Looking at the listing below, retype exactly the lines starting at the one containing "Tool box has" and ending at the one containing "MOCNY MAGNES –", both included, and nothing else.

• [Data to use]:
= = = = = = =

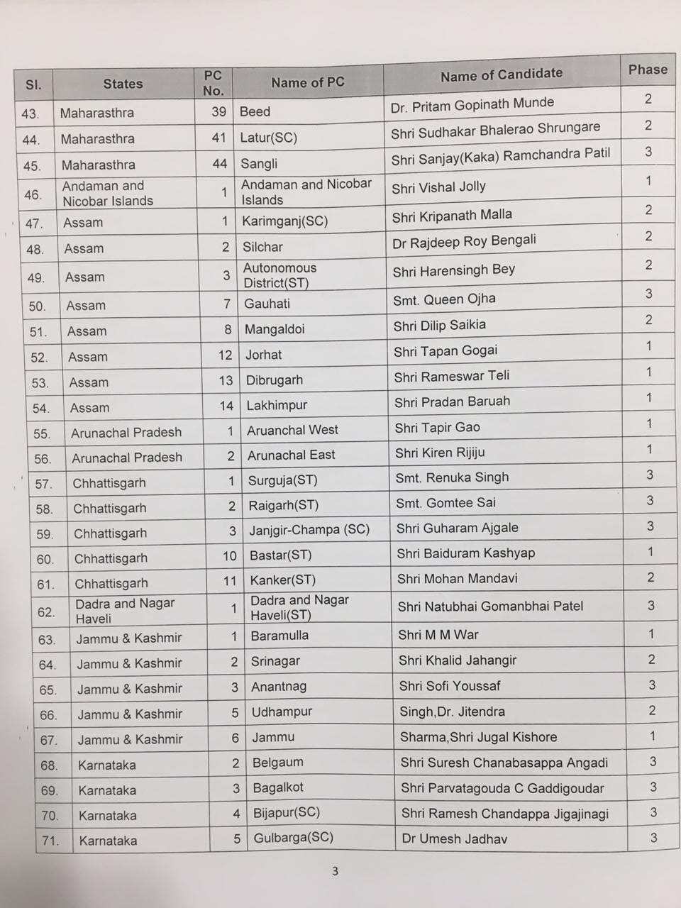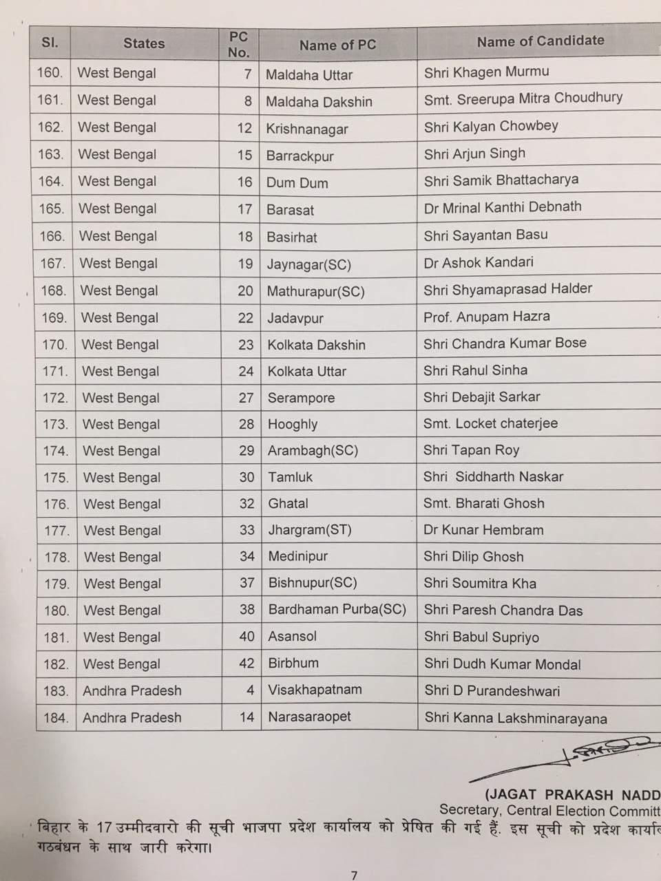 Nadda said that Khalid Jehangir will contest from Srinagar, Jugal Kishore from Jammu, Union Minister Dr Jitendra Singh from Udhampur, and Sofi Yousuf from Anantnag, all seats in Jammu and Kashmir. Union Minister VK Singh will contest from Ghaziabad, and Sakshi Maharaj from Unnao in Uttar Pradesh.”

= = = = = = =

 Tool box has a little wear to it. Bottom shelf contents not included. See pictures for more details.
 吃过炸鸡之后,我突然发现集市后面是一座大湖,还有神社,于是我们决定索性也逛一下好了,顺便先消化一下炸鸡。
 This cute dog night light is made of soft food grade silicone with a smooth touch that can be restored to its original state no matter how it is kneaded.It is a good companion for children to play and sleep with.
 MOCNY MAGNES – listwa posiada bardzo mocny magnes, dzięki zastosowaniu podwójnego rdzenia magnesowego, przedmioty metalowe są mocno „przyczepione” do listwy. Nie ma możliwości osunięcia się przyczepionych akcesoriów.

= = = = = = =

• [Exercise answer]:
 Tool box has a little wear to it. Bottom shelf contents not included. See pictures for more details.
 吃过炸鸡之后,我突然发现集市后面是一座大湖,还有神社,于是我们决定索性也逛一下好了,顺便先消化一下炸鸡。
 This cute dog night light is made of soft food grade silicone with a smooth touch that can be restored to its original state no matter how it is kneaded.It is a good companion for children to play and sleep with.
 MOCNY MAGNES – listwa posiada bardzo mocny magnes, dzięki zastosowaniu podwójnego rdzenia magnesowego, przedmioty metalowe są mocno „przyczepione” do listwy. Nie ma możliwości osunięcia się przyczepionych akcesoriów.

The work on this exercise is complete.